[September 21, 2020] I admit it, I love dogs. My life began with my trusty Cocker Spaniel “Rusty,” and we were inseparable. Dogs have a special connection with humans, a meta-story that tells of great companionships. But today, I’m talking about another story. This is about how leaders are chosen. I’m calling it the pick of the litter story.
It was 1984, or thereabouts when I was promoted to First Lieutenant in the U.S. Army. Our Infantry Brigade Commander had called all his junior officers (Captain and below in rank) into a vast auditorium to give us guidance on what he wanted to see from his men. I don’t know how many were there, but it must have been two hundred of us.
He began his talk about the importance of being a good officer, setting the right tone for our soldiers, standing up for what is right, hard work, sacrifice, etc. It was a good speech. He also said, “Those of you in this room are the pick of the litter.”
I thought back to the dogs in my life and initially misunderstood what he was getting at with this comment. Our commander wanted to tell us that the citizens of the U.S. had given us an opportunity that only a few have and that we were special because we were chosen for our assignments by others.
Yes, we were the pick of the litter. We must have been. Of the few hundred there, at least a dozen General Officers came from the group; nearly all had fought in the Gulf Wars with distinction, at least half had advanced college degrees, and – as far as I knew – we all served with honor.
Someone once said that ten percent of those that work for you produce 90 percent of the work. I believe it. Those in that auditorium that day had navigated a long and challenging path to get where we were. We had graduated from college, completed several military courses, had stayed out of trouble with the law, were physically and mentally fit, and we were a determined bunch. When we got our assignments, we carried out our duties completely.
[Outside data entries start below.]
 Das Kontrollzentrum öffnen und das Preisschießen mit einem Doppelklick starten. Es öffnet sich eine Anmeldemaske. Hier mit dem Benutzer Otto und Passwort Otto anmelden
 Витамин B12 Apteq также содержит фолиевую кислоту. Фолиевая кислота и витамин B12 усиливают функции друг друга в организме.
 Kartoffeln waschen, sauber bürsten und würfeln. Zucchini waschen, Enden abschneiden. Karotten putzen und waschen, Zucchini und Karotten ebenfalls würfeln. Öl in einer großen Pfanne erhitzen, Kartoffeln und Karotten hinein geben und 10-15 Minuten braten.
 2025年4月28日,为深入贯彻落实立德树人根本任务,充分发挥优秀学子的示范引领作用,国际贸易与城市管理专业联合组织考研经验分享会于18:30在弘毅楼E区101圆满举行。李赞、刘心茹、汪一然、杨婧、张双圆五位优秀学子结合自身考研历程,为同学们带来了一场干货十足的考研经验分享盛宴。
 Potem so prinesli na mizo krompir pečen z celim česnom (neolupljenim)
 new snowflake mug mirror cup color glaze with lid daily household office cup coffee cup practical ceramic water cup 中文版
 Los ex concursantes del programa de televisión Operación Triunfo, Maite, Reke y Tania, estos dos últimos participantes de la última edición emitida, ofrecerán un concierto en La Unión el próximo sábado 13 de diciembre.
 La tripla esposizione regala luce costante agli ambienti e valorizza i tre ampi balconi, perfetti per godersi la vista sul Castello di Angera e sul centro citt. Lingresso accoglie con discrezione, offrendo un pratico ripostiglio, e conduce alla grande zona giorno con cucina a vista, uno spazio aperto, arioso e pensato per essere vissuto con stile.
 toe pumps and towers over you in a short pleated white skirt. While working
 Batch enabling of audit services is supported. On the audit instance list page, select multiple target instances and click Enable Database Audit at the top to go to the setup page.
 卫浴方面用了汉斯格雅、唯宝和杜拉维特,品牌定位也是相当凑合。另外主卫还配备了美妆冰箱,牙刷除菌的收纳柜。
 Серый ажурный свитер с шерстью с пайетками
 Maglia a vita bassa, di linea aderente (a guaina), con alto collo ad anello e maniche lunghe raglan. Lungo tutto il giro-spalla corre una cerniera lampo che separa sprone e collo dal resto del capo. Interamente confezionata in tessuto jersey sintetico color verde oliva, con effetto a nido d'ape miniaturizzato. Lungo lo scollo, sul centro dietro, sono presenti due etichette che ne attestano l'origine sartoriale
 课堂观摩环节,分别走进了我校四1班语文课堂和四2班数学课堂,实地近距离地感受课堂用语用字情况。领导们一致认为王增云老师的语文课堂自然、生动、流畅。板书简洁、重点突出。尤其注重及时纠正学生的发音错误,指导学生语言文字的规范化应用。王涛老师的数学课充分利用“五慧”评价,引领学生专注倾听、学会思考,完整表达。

A month later, the Brigade Commander chose 15 new Company Commanders. Usually, this goes to a Captain or senior First Lieutenant. I was fortunate to get one of these command slots with one month in grade. We were all honored by his chooses. Looking back to that time, I was unable to ferret out why I was chosen. Regardless, it set me on the right path, and I retired with 40 years of service.
Maybe I was, for that time, the pick of the litter. Never would I let something like that go to my head.1 In a word, I was humbled. As a Company Commander and as the only First Lieutenant in this distinguished group made me feel pretty good. But I never forgot that I was chosen by others and thus I had to keep my nose clean and do a good job.